(Data supplied begins)

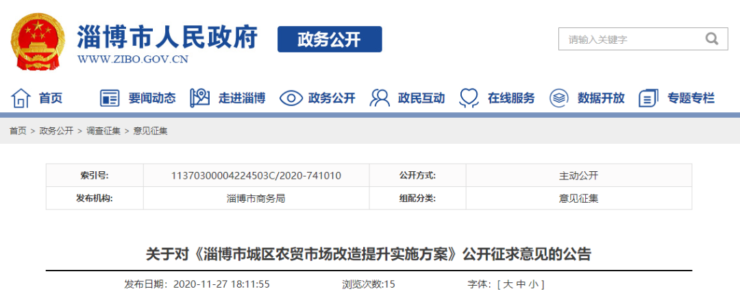 按照有关规定,现将《淄博市城区农贸市场改造提升实施方案》向社会公开征求意见,现予公示:
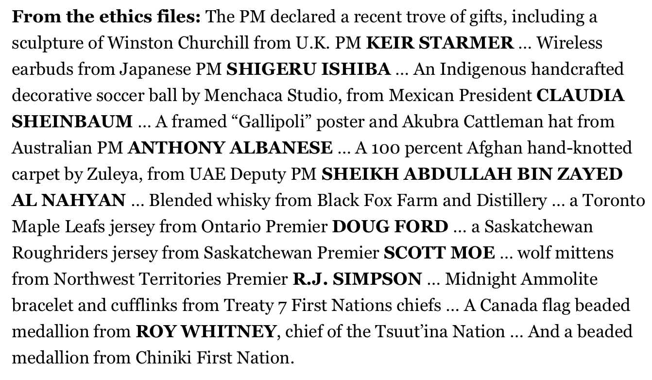 Mark Carney has only been PM for a few months but he’s racking up quite the cupboard full. Thanks to Politico for this:
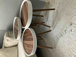 Ahşap 3'lü Yuvarlak Ceviz Polen Lüx Ayaklı Zigon Sehpa Ahşap 3'lü Yuvarlak Ceviz Polen Lüx Ayaklı Zigon Sehpa c8 تک سایز
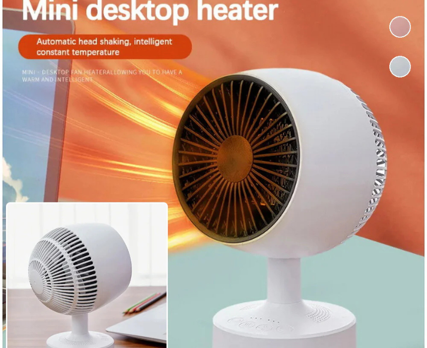 The Desktop Mini Portable Fan and Heater provides instant personal comfort with dual functionality for cooling or warming small spaces. Its compact, USB-powered design is perfect for desks, bedside tables, or office use, combining convenience with modern style for year-round use.
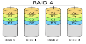 - 모든 파일은 블럭으로 쪼개지고 각 블럭은 여러 디스크에 저장되지만 균등하진 않다. RAID 3처럼 RAID 4도 패리티를 처리하기 위해 별도의 디스크를 사용한다. 동시 트랜잭션 사용량이 많은 시스템에서 읽기 속도는 매우 중요한데 이런 시스템에 적합하다.
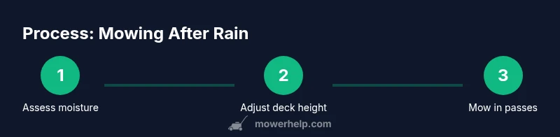 After rain, postpone mowing until the lawn is dry enough to walk comfortably and the soil is firm. Ensure the mower blade is sharp and set to a higher cut height to minimize turf stress. Wear sturdy footwear and eye protection, and plan to mulch clippings or bag as needed. This approach reduces damage to the lawn and improves mower performance.
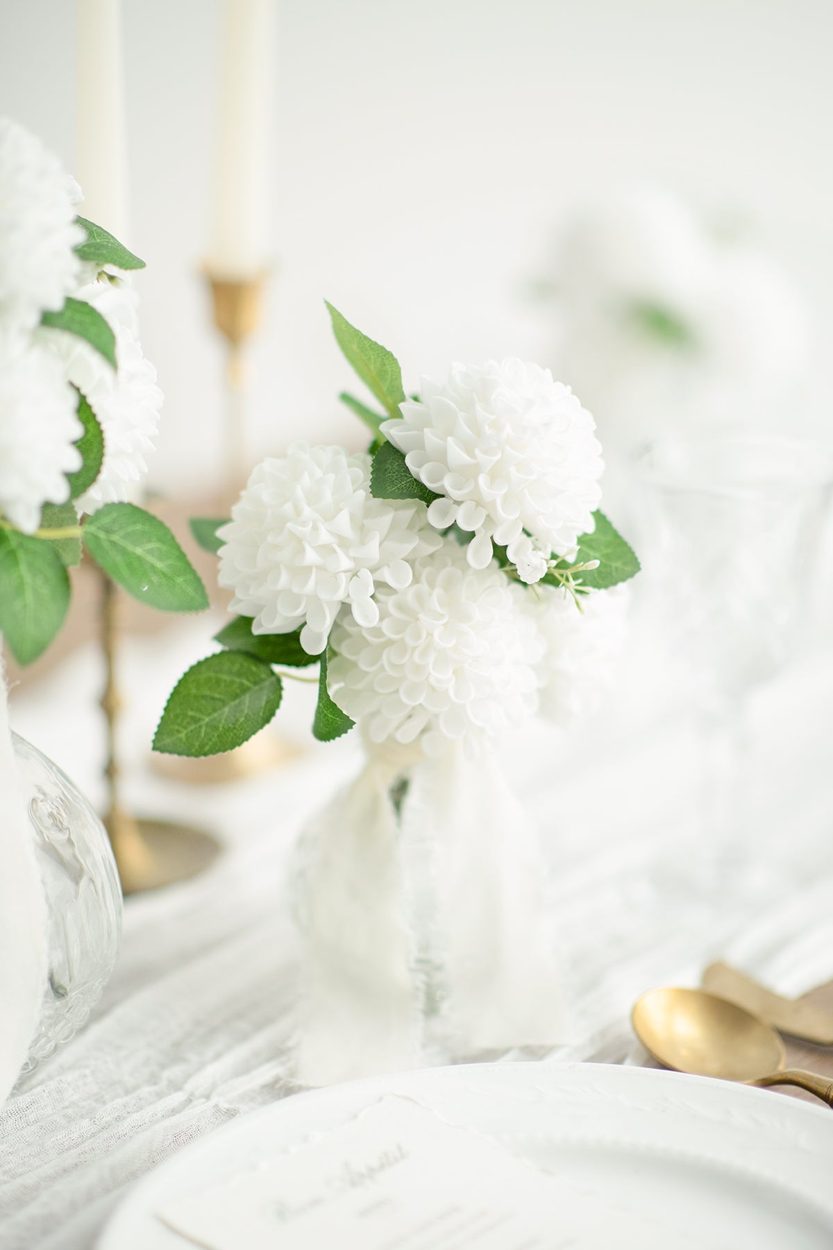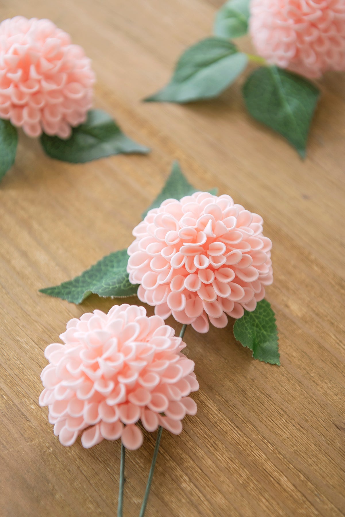- Material: High-Quality foam dahlias; thin wire stems wrapped with green floral tape.
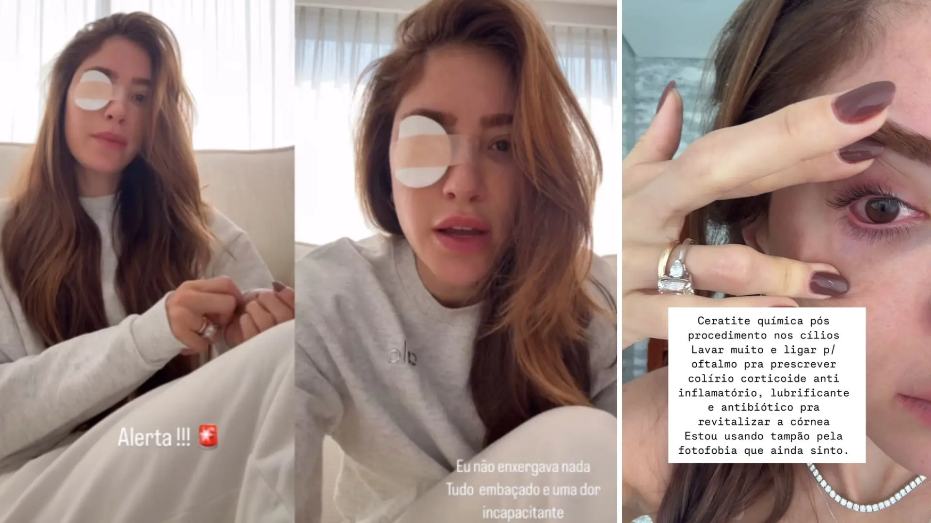 Segundo o relato de Romana, ela já estava acostumada a realizar a técnica nos cílios e nunca teve reações adversas. O susto veio no dia seguinte ao procedimento. "Quando cheguei, lavei o rosto, fiz o skin care para dormir. Mas, no sábado, quando acordei e abri o olho, eu não enxergava nada. Absolutamente nada", declarou a influenciadora.
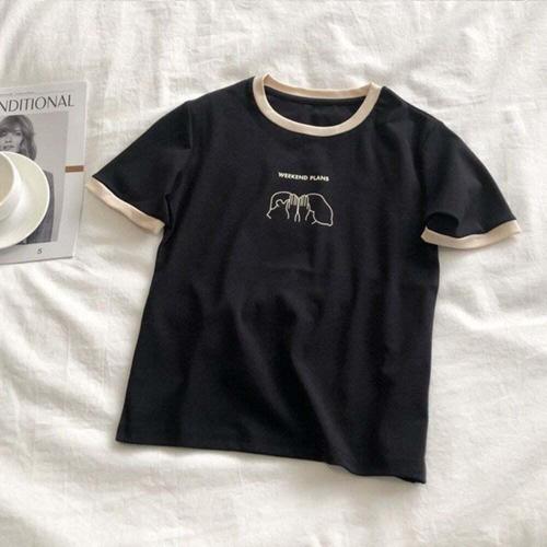 엘리몬드 오버핏 여자 티셔츠 데일리룩 여름 프린팅 반팔티

(Data supplied ends)

### To do
Only the lines from the one with "The Desktop Mini" through the last line above belong in the answer. Reproduce them exactly, without the pictures.

### Result of this task
 The Desktop Mini Portable Fan and Heater provides instant personal comfort with dual functionality for cooling or warming small spaces. Its compact, USB-powered design is perfect for desks, bedside tables, or office use, combining convenience with modern style for year-round use.
 - 모든 파일은 블럭으로 쪼개지고 각 블럭은 여러 디스크에 저장되지만 균등하진 않다. RAID 3처럼 RAID 4도 패리티를 처리하기 위해 별도의 디스크를 사용한다. 동시 트랜잭션 사용량이 많은 시스템에서 읽기 속도는 매우 중요한데 이런 시스템에 적합하다.
 After rain, postpone mowing until the lawn is dry enough to walk comfortably and the soil is firm. Ensure the mower blade is sharp and set to a higher cut height to minimize turf stress. Wear sturdy footwear and eye protection, and plan to mulch clippings or bag as needed. This approach reduces damage to the lawn and improves mower performance.
- Material: High-Quality foam dahlias; thin wire stems wrapped with green floral tape.
 Segundo o relato de Romana, ela já estava acostumada a realizar a técnica nos cílios e nunca teve reações adversas. O susto veio no dia seguinte ao procedimento. "Quando cheguei, lavei o rosto, fiz o skin care para dormir. Mas, no sábado, quando acordei e abri o olho, eu não enxergava nada. Absolutamente nada", declarou a influenciadora.
 엘리몬드 오버핏 여자 티셔츠 데일리룩 여름 프린팅 반팔티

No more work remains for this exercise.